::: SUPPLIED DATA :::

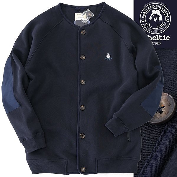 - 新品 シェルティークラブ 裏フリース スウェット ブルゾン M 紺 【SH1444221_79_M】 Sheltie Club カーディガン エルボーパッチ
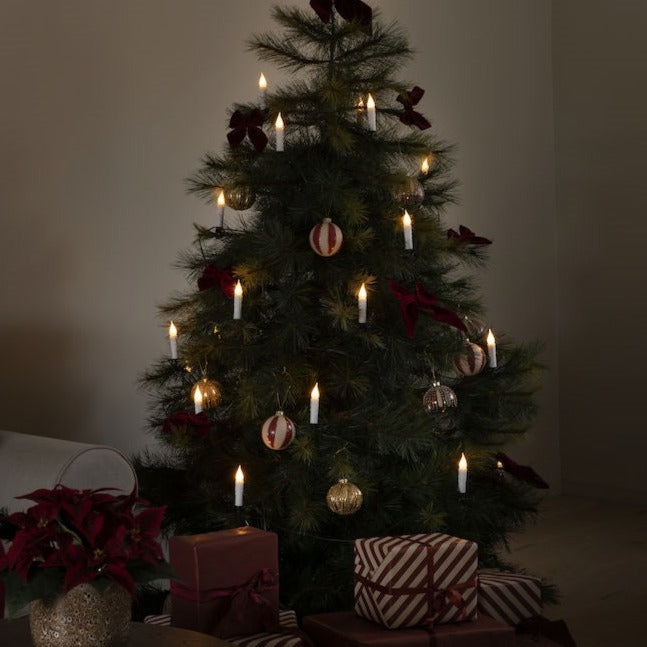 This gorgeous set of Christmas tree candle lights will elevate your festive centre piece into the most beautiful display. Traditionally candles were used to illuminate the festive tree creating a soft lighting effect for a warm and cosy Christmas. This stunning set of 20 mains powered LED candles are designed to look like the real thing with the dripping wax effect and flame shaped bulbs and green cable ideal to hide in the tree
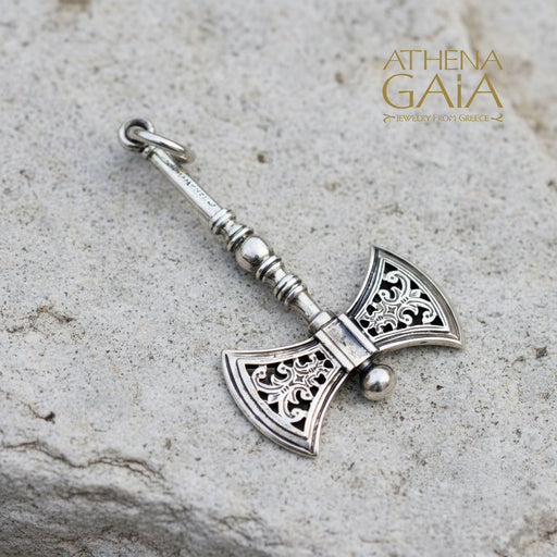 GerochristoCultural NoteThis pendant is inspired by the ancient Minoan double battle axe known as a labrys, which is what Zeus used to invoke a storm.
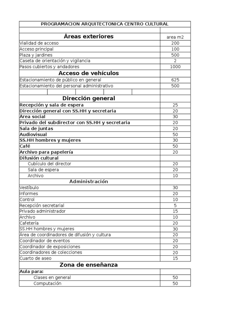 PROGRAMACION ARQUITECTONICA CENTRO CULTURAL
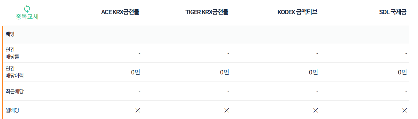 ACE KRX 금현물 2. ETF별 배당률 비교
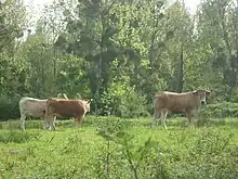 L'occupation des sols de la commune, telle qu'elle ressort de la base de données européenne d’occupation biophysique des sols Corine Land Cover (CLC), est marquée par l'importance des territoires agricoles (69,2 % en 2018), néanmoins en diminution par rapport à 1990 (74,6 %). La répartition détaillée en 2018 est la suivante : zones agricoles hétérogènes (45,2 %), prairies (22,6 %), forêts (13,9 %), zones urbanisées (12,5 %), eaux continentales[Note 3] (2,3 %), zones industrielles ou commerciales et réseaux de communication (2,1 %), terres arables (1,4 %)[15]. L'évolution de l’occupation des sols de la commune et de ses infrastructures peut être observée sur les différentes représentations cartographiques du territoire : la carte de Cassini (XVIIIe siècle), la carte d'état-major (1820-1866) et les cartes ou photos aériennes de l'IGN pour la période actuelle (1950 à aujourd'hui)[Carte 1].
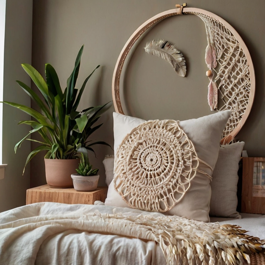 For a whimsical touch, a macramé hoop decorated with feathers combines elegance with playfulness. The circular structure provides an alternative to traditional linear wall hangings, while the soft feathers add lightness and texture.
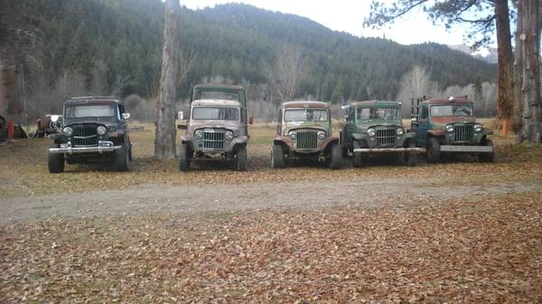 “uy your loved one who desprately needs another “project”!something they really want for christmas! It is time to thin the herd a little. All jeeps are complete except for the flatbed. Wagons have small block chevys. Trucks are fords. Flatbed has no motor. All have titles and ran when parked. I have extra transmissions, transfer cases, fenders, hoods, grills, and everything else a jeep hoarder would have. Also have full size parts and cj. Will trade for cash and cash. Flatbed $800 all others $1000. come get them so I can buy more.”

:::

PROBLEM REQUIREMENTS: Find the line with "GerochristoCultural NoteThis pendant" in the data above, and from there retype each line exactly through the line with "ACE KRX 금현물 2. ETF별 배당률 비교", skipping the pictures along the way.

RESPONSE AREA:
 GerochristoCultural NoteThis pendant is inspired by the ancient Minoan double battle axe known as a labrys, which is what Zeus used to invoke a storm.
 PROGRAMACION ARQUITECTONICA CENTRO CULTURAL
 ACE KRX 금현물 2. ETF별 배당률 비교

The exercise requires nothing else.